Records from a data collection
* * * * * * * * *

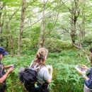 Matt Drury, Appalachian Trail Conservancy, Chris Kelly, North Carolina Wildlife Resources Commission, and Sue Cameron, U.S. Fish and Wildlife Service studying digital maps of North Carolina's Black Mountains
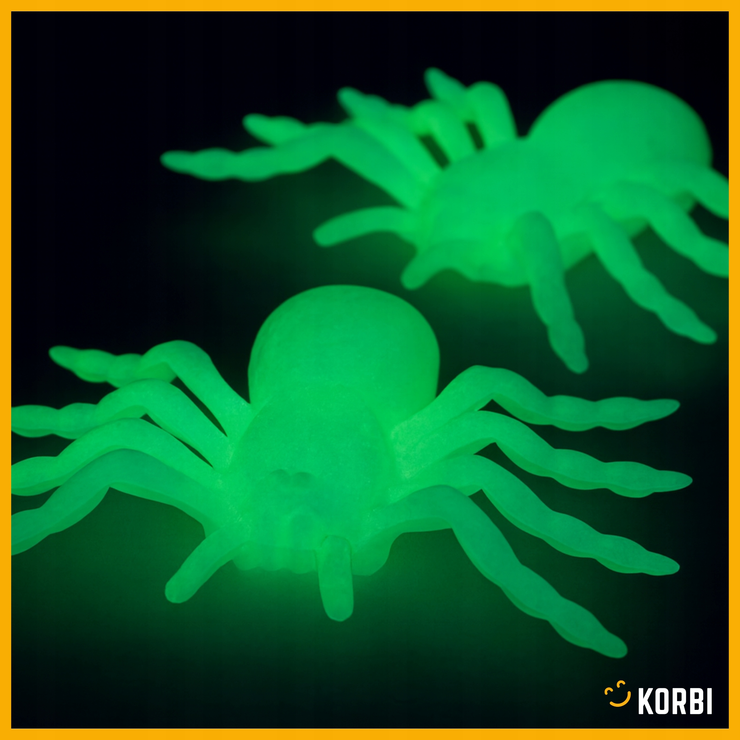 Korbi Fluorescentni pajki – svetijo v temi, okras za noč čarovnic, 2 kosa
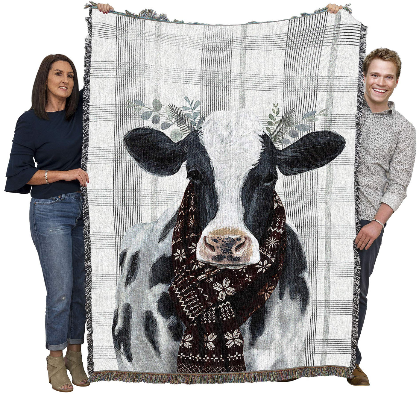 Pure Country Weavers Yuletide Cow Blanket By Victoria Borges - Cute Funny Gift Tapestry Throw Woven From Cotton - Made In The Us
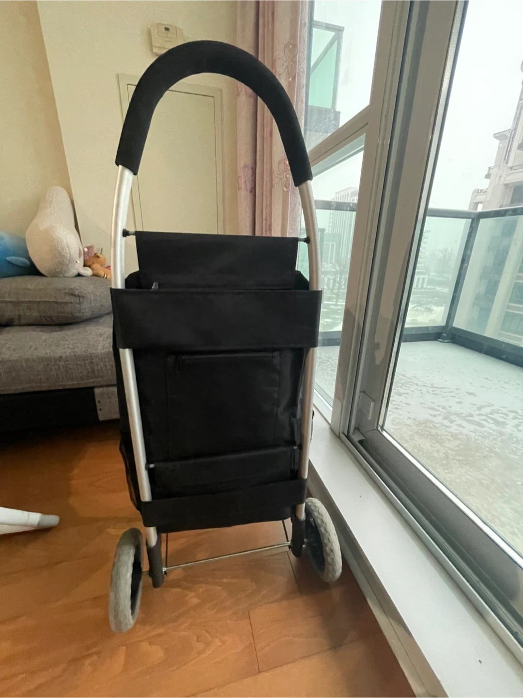 Selling a black shopping cart with wheels. It's in good condition and ready to help you with your grocery runs or trips to the market! It's lightweight and easy to maneuver, making shopping a breeze
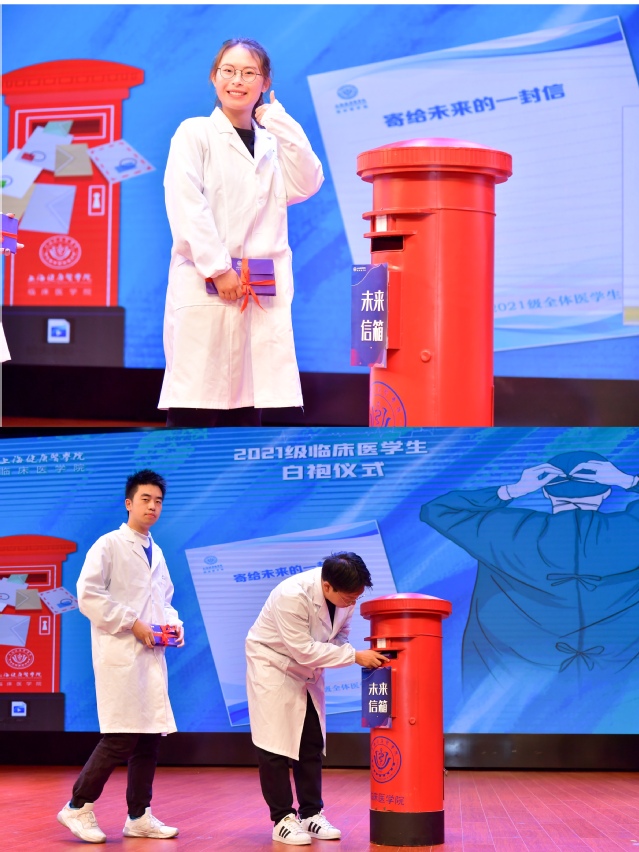 在附属嘉定区中心医院许向东主任的带领下,庄严宣誓医员工誓言。白袍加身,使命传承,矢志誓言,铿锵有力,医员工们以积极昂扬的精神面貌,表达了献身医学的决心与不懈奋斗的信念,在这神圣的专业仪式教育中完成了精神洗礼和角色转变,向医学专业学习生涯迈出了第一步。同学们带着对未来的展望,将写给五年后自己的一封信投入“时空胶囊”。相信在同学们的努力奋斗下,一定会成就未来更好的自己。仪式在全体师生大合影中落下帷幕。
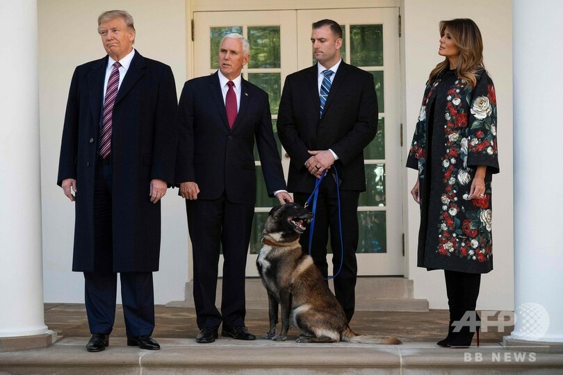 トランプ氏は、ホワイトハウス(White House)で行われた短い式典で、調教師のそばに座ったコナンを「素晴らしい」と称賛。「とても立派で、とても賢い。コナンは素晴らしい働きをした」と述べた。式典にはメラニア(Melania Trump)大統領夫人とマイク・ペンス(Mike Pence)副大統領も出席した。
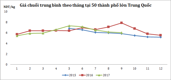 Giá chuối trung bình tại 50 thành phố lớn của Trung Quốc trong 9 tháng đầu năm 2017 của Trung Quốc giảm 5% so với cùng kỳ năm 2016.
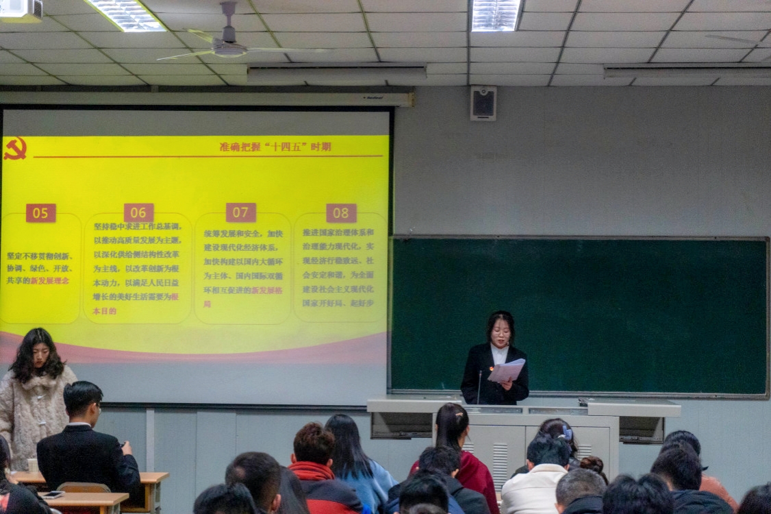 党的十九届五中全会擘画了我国未来发展的宏伟蓝图,作出了应对变局、开辟新局的顶层设计,在党和国家发展进程中具有全局性、历史性意义。宏伟蓝图鼓舞人心,学习宣讲凝聚力量。为全面落实党的第十九届五中全会精神,由学工部、马克思主义学院主办,澳门网投唯一官网协办的十九届五中全会宣讲活动于12月23日在江南校区10号教学楼1012室举办。澳门网投唯一官网党支部副书记杨海蓉、澳门网投唯一官网学生宣讲团成员、澳门网投唯一官网全体团学干部参加本次宣讲活动。活动由杨海蓉主持。
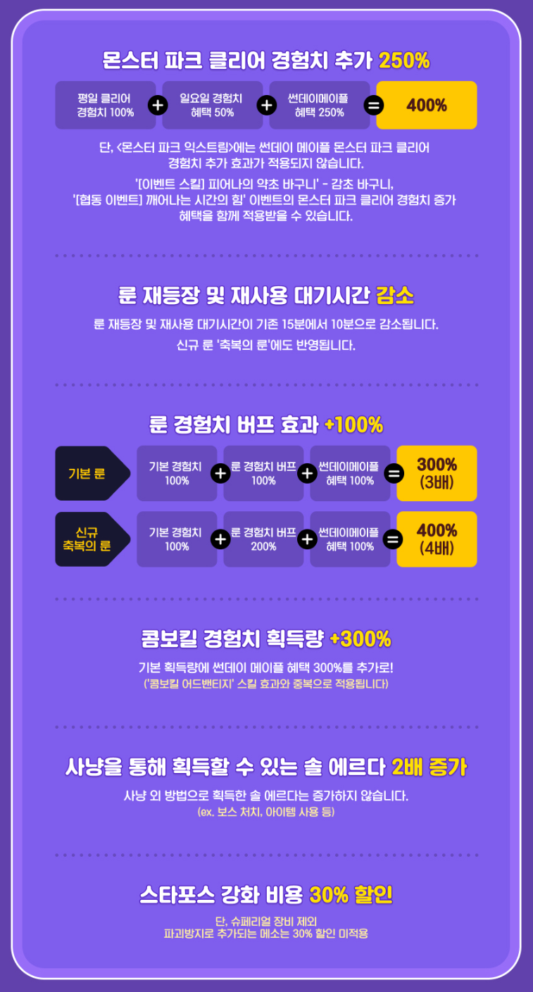 | 7월 13일 | 경험치 관련 이벤트 + 스타포스 강화 비용 30% 할인 |
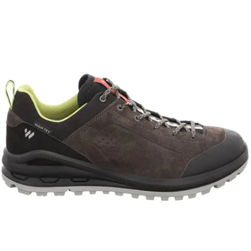 Lækker Rock Hiking unisex vandresko med en overdel af ruskind og tekstil, foret med tekstil og udstyret med en åndbar og vandtæt High-TEX-membran, så fødderne holdes tørre. Skoen lukkes med snørebånd, og en trækfane på hælen gør det nemt at træde i skoen. Åbningen er limegrøn indvendig og polstret for øget komfort og beskyttelse. Den udtagelige komfortindersål er støddæmpende, og den kraftige og slidstærke Antistatica-gummiydersål er stødabsorberende med et godt vejgreb. Her får du en vandtæt og robust vandresko, som er særligt behagelig off-road med et fast greb på selv de mest stenede stier. Fremstillet i Europa.
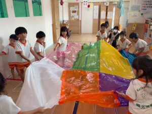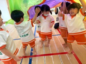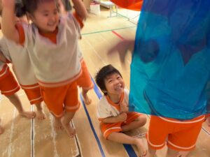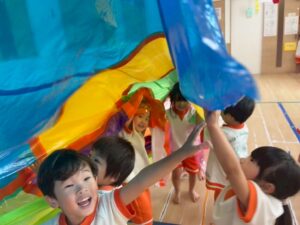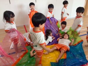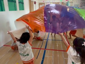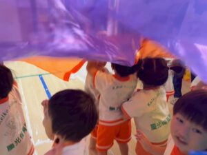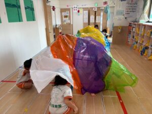 みんなで袋のふちをもち、空気を沢山あつめたり、バルーンの中に皆ではいってみよう!

* * * * * * * * *

**Task directions**
From the first line through the line with "Giá chuối trung", output those lines of the entries above exactly, and nothing else, with the pictures left out.

**Result of the task**
 Matt Drury, Appalachian Trail Conservancy, Chris Kelly, North Carolina Wildlife Resources Commission, and Sue Cameron, U.S. Fish and Wildlife Service studying digital maps of North Carolina's Black Mountains
 Korbi Fluorescentni pajki – svetijo v temi, okras za noč čarovnic, 2 kosa
 Pure Country Weavers Yuletide Cow Blanket By Victoria Borges - Cute Funny Gift Tapestry Throw Woven From Cotton - Made In The Us
 Selling a black shopping cart with wheels. It's in good condition and ready to help you with your grocery runs or trips to the market! It's lightweight and easy to maneuver, making shopping a breeze
 在附属嘉定区中心医院许向东主任的带领下,庄严宣誓医员工誓言。白袍加身,使命传承,矢志誓言,铿锵有力,医员工们以积极昂扬的精神面貌,表达了献身医学的决心与不懈奋斗的信念,在这神圣的专业仪式教育中完成了精神洗礼和角色转变,向医学专业学习生涯迈出了第一步。同学们带着对未来的展望,将写给五年后自己的一封信投入“时空胶囊”。相信在同学们的努力奋斗下,一定会成就未来更好的自己。仪式在全体师生大合影中落下帷幕。
 トランプ氏は、ホワイトハウス(White House)で行われた短い式典で、調教師のそばに座ったコナンを「素晴らしい」と称賛。「とても立派で、とても賢い。コナンは素晴らしい働きをした」と述べた。式典にはメラニア(Melania Trump)大統領夫人とマイク・ペンス(Mike Pence)副大統領も出席した。
 Giá chuối trung bình tại 50 thành phố lớn của Trung Quốc trong 9 tháng đầu năm 2017 của Trung Quốc giảm 5% so với cùng kỳ năm 2016.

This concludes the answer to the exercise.